[Stored data]
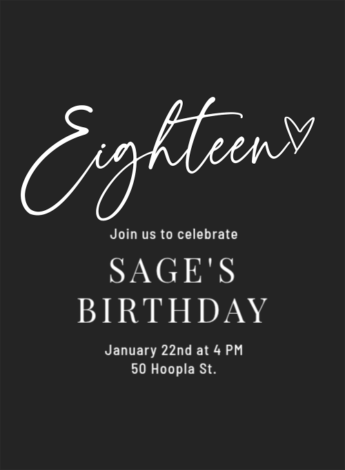 Welcome to 18! Ring in adulthood with a custom Invitation you can personalize and send via text or email.
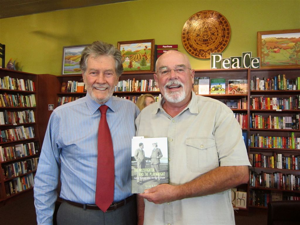The kids arrived from Indiana on Saturday, the 1st, in the wee small hours of the morning. They awoke around noon, ready for the rest of their pilgrimage to the “up north” property. We loaded the back of the supervisor’s pick-up with more supplies, including a trundle bed we have had in the lower level since day one – but we’re happy to start downsizing. I wanted to go to a book signing at Cherry Street Books before they left. So I hustled into town to meet Jay Tunney, son of former heavyweight champion, Gene. Jay has written a book about his dad and his friendship with George Bernard Shaw. I bought his book which he graciously signed, “To Tom: A pioneer in the forward march of the human spirit. Good luck, Jay Tunney” 🙂 We had a brief chat for I had to run – we learned we both spent time in Okinawa, me from 1970-72. He said he was there 20 years earlier than that! Gee, I don’t think he looks that much older than me?
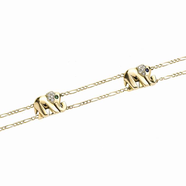 MATERIALE: oro giallo, diamanti, rubini, smeraldo e zaffiro DESCRIZIONE: bracciale realizzato con doppia catena a maglie intrecciate alternata a quattro elefanti con proboscide rivolta verso l'alto, ciascuno impreziosito da pavè di brillanti, un brillante mancante MISURE: aperto cm 21 PESO: diamanti ct 0.24, gr 14.7
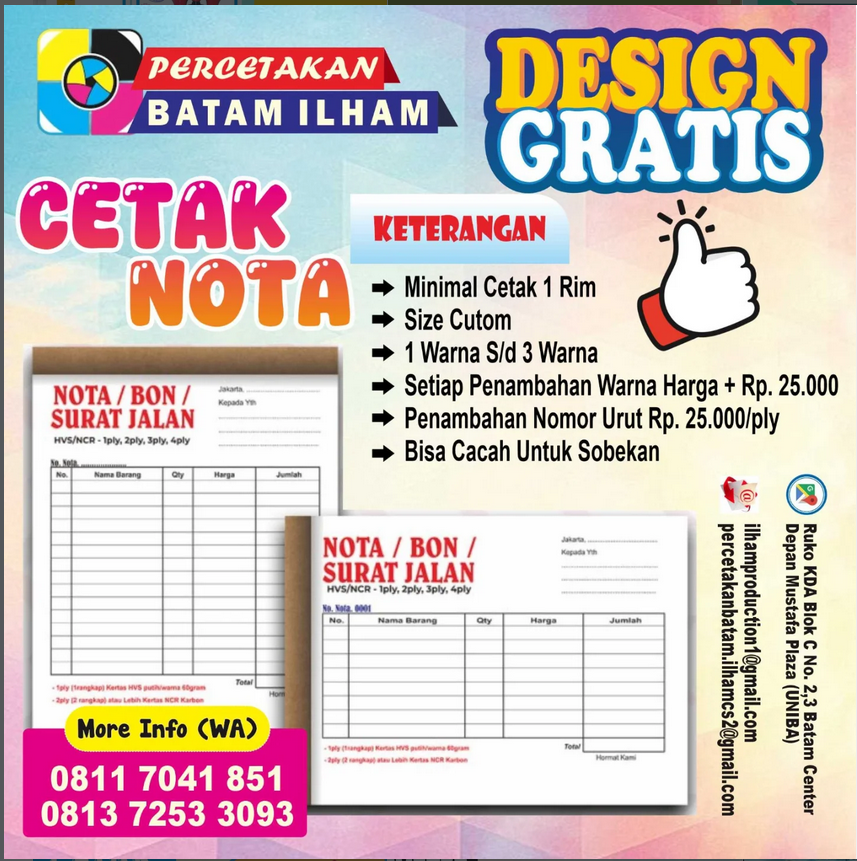Siap membantu dalam mempromosikan bisnis anda dengan layanan cetakm murah dan cepat. Melayani berbagai keperluan promosi Anda.
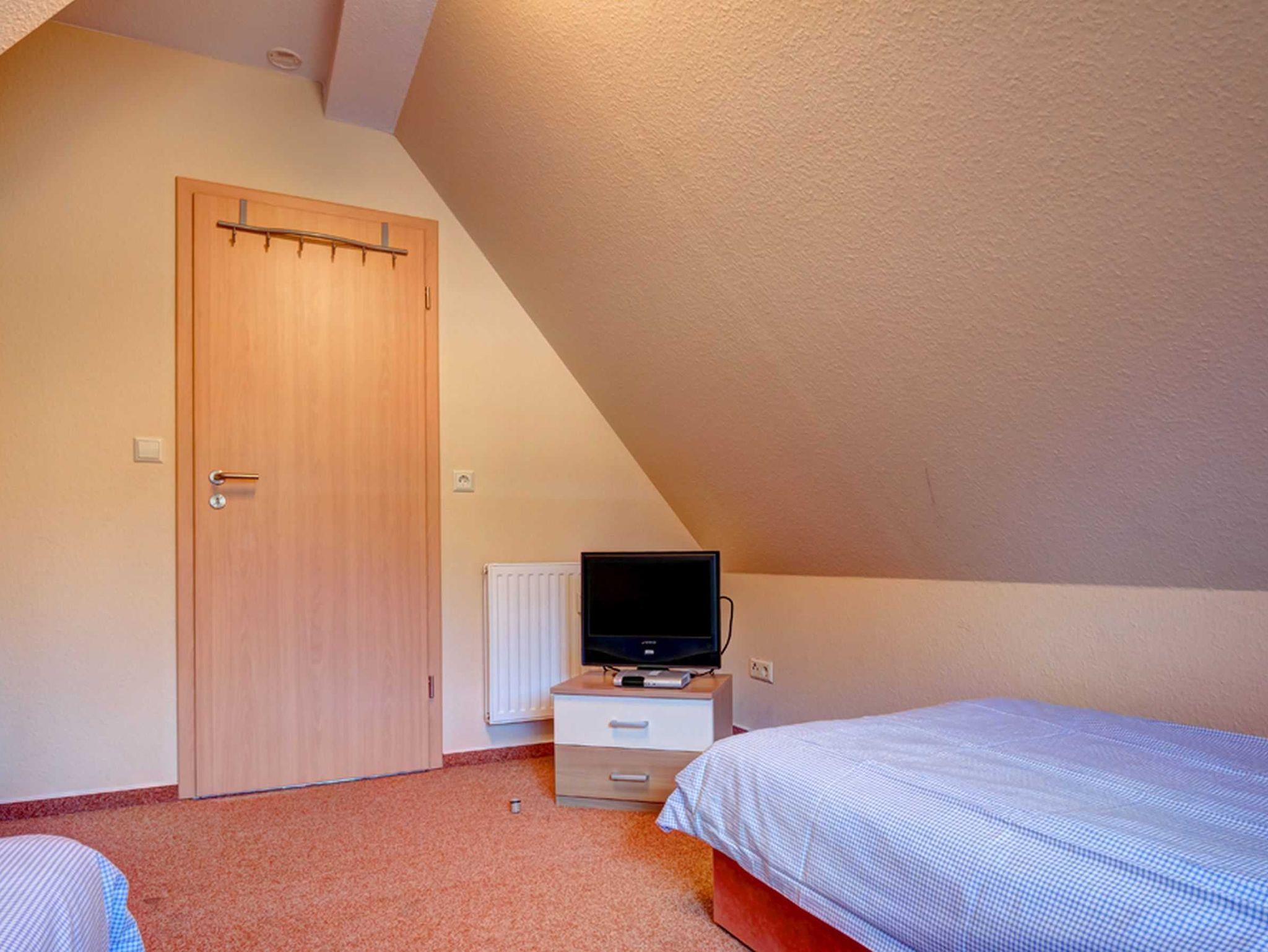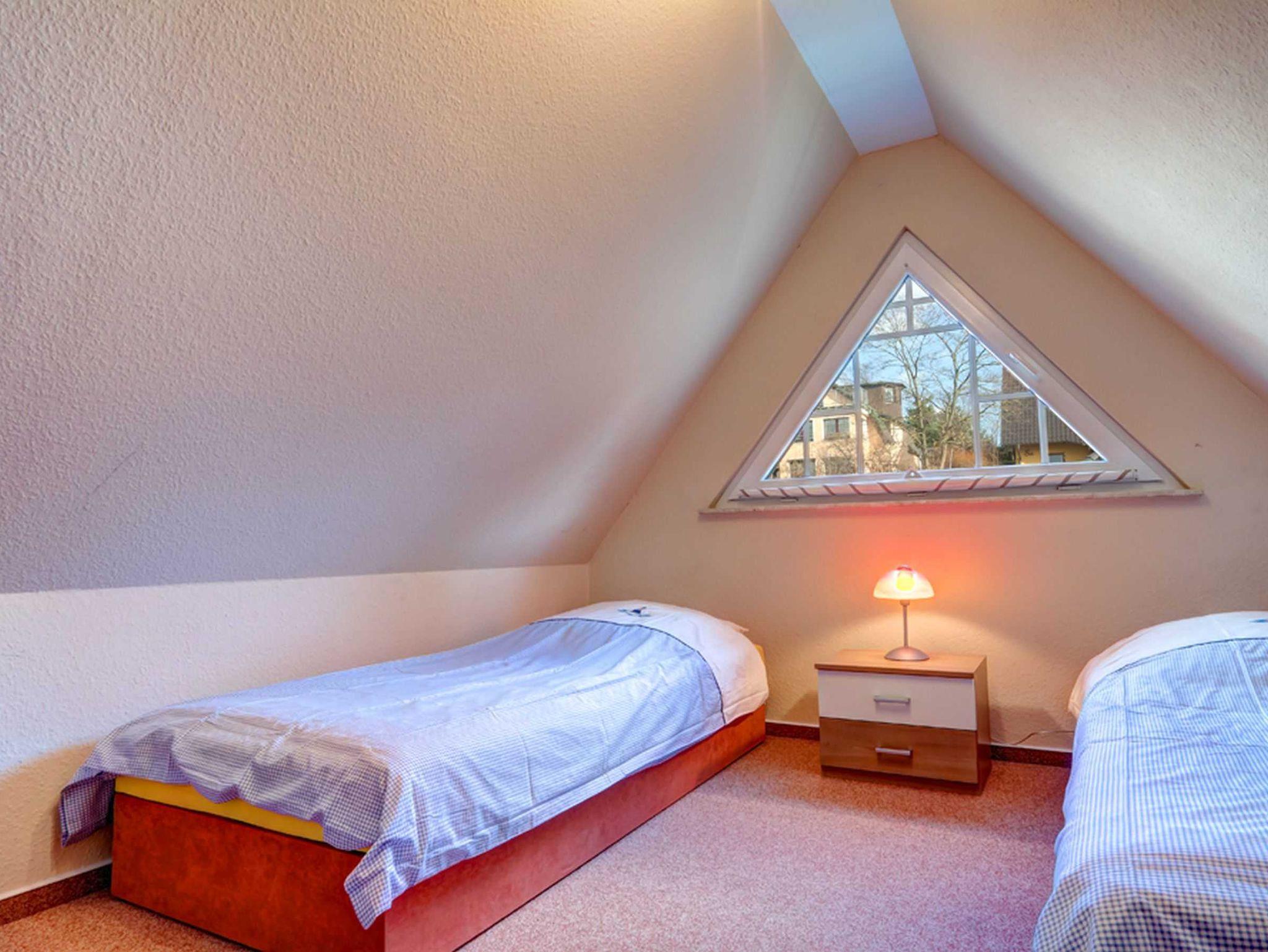 Im zweiten, etwas kleineren Schlafzimmer mit schönem Dreiecksfenster sind zwei Liegen mit jeweils 0,90m breiter Liegefläche. ein großer Kleiderschrank und 2 Nachtschränkchen untergebracht.
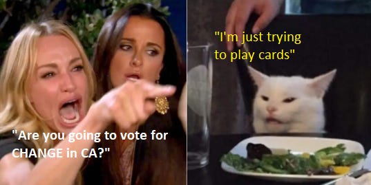 On Tuesday night, St. Mary’s beat Gonzaga in the WCC Finals. A very drunk and happy St. Mary’s mom was at a table I was playing at, along with a couple other PAC-12 and Gonzaga fans. She asked me in my Cal hat about how I vote and if was “Ready For a Change.” She went from happy drunk to angry drunk very quickly, and stormed off to go talk to her husband. Here is an artist’s rendition;
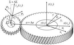 在实际剃齿加工中,剃齿刀和工件齿轮的轴交角误差ΔΣ、中心距误差Δa和两个高速轴的同步误差Δω1和Δω2都会反映到工件的齿向误差上,因此针对这4个误差参数建立剃齿啮合点几何模型;
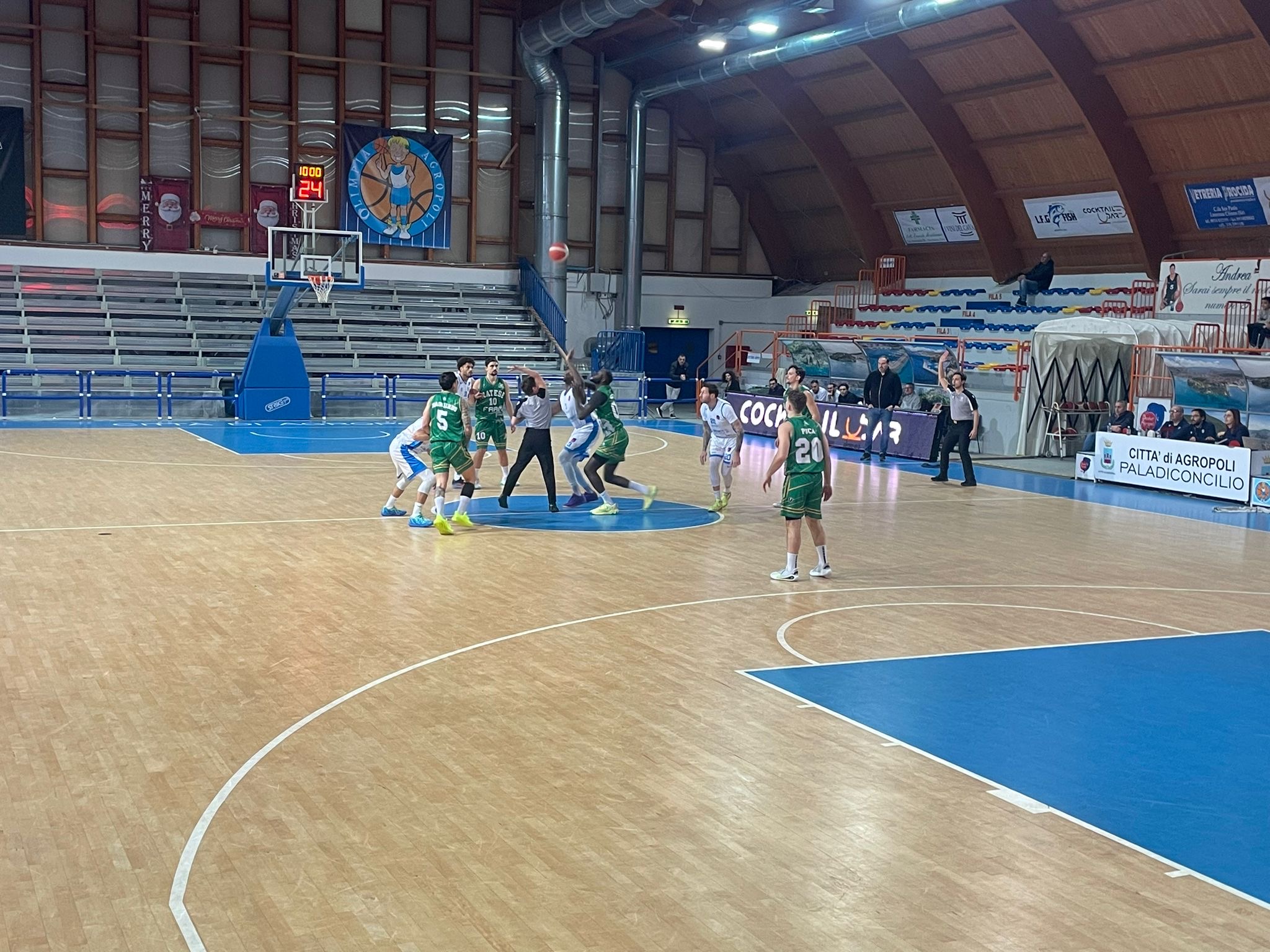 Nel primo quarto parte meglio la Polisportiva Matese pizzando un paio di triple con Puca e i canestri dal campo di Ndiaye; reagisce la Polisportiva Basket Agropoli con Lepre Palma e le triple di Di Mauro e Lybaek, al termine il risultato è di 19-22.

Task →
From the line that contains "MATERIALE: oro giallo, diamanti, rubini, smeraldo" to the last line of the data, print each line exactly, both ends included, and omit the pictures.

Completed task →
 MATERIALE: oro giallo, diamanti, rubini, smeraldo e zaffiro DESCRIZIONE: bracciale realizzato con doppia catena a maglie intrecciate alternata a quattro elefanti con proboscide rivolta verso l'alto, ciascuno impreziosito da pavè di brillanti, un brillante mancante MISURE: aperto cm 21 PESO: diamanti ct 0.24, gr 14.7
Siap membantu dalam mempromosikan bisnis anda dengan layanan cetakm murah dan cepat. Melayani berbagai keperluan promosi Anda.
 Im zweiten, etwas kleineren Schlafzimmer mit schönem Dreiecksfenster sind zwei Liegen mit jeweils 0,90m breiter Liegefläche. ein großer Kleiderschrank und 2 Nachtschränkchen untergebracht.
 On Tuesday night, St. Mary’s beat Gonzaga in the WCC Finals. A very drunk and happy St. Mary’s mom was at a table I was playing at, along with a couple other PAC-12 and Gonzaga fans. She asked me in my Cal hat about how I vote and if was “Ready For a Change.” She went from happy drunk to angry drunk very quickly, and stormed off to go talk to her husband. Here is an artist’s rendition;
 在实际剃齿加工中,剃齿刀和工件齿轮的轴交角误差ΔΣ、中心距误差Δa和两个高速轴的同步误差Δω1和Δω2都会反映到工件的齿向误差上,因此针对这4个误差参数建立剃齿啮合点几何模型;
 Nel primo quarto parte meglio la Polisportiva Matese pizzando un paio di triple con Puca e i canestri dal campo di Ndiaye; reagisce la Polisportiva Basket Agropoli con Lepre Palma e le triple di Di Mauro e Lybaek, al termine il risultato è di 19-22.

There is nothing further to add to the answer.